The limited circle of Muslim protest
We have seen some agitations by the Muslim community, but these have been few and far-between, and were confined in each case to the issue of infringements, real or imagined, of the Shariah and religious laws of Islam. These include the Shah Bano case, the banning of Salman Rushdie’s and Taslima Nasreen’s books, and, most recently, when a peaceful protest turned violent in Malda over a statement by the rightist leader Kamlesh Tiwari against the Prophet Mohammed. These incidents tell us what the priorities of the Muslim community are – and not the false implication of Muslim youths in terror cases, fake encounters, riots and the inequitable distribution of education, health and jobs.
Importantly, violence never helped the Muslim cause. On the contrary, it has only reinforced the stereotype amongst other citizens that Muslims are a violent community. That narrative is then used to justify violence – past or present – against the community. In addition, communal passions are further roused with acts of violence such as in Malda. The statement by Kamlesh Tiwari did not directly or indirectly affect the question of Muslim survival or act as an impediment to the exercise of their  fundamental rights. But it was still blown up into large-scale violence. Muslims, represented by the particular group in Malda, had no qualms about taking the law into their hands when their religion/religious laws/holy book/revered personality was disgraced.

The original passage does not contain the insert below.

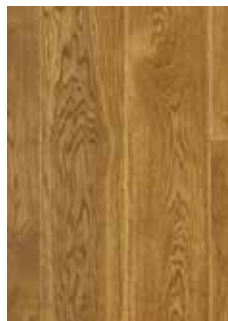
535 Wild Fawn

There can be no denying the fact that the Muslim community is heterogeneous, consisting of many sects. But at the same time, the community becomes a silent spectator when their education reservation is taken away, when their educated youth are falsely implicated in terror cases, or when activist-lawyer Shahid Azmi – a messiah for the young men who were falsely implicated in terror cases – is killed. Perhaps one is expecting too much from the community to come out in solidarity with Rohith Vemula or Kanhaiya Kumar.
Precious opportunities missed
It would be disheartening to see the community extending support to the JNU protestors only after the detention of Umar Khalid. What with the present trend of creating a punching bag where a Muslim name is involved, one wonders whether the community would even come out in support of Umar, since the matter does not concern Islam or Allah.
As they witness the branding of Umar as traitor and religious fundamentalist on prime-time news, Muslims must ask themselves whether they can afford to lose one more opportunity of making a statement addressed to the state apparatus – that they are in complete solidarity with other dispossessed communities and individuals, who are victims of the same oppression inflicted by the present and the former governments.
The worrying question is: when the main agenda today is not just to arrest Kanhaiya or Umar or throw Rohith out of the hostel, but to assail free thought, speech and action – how much injustice needs to be suffered before Muslims wake up?
Shadab Arab is a research associate at the Tata Institute of Social Sciences, Mumbai.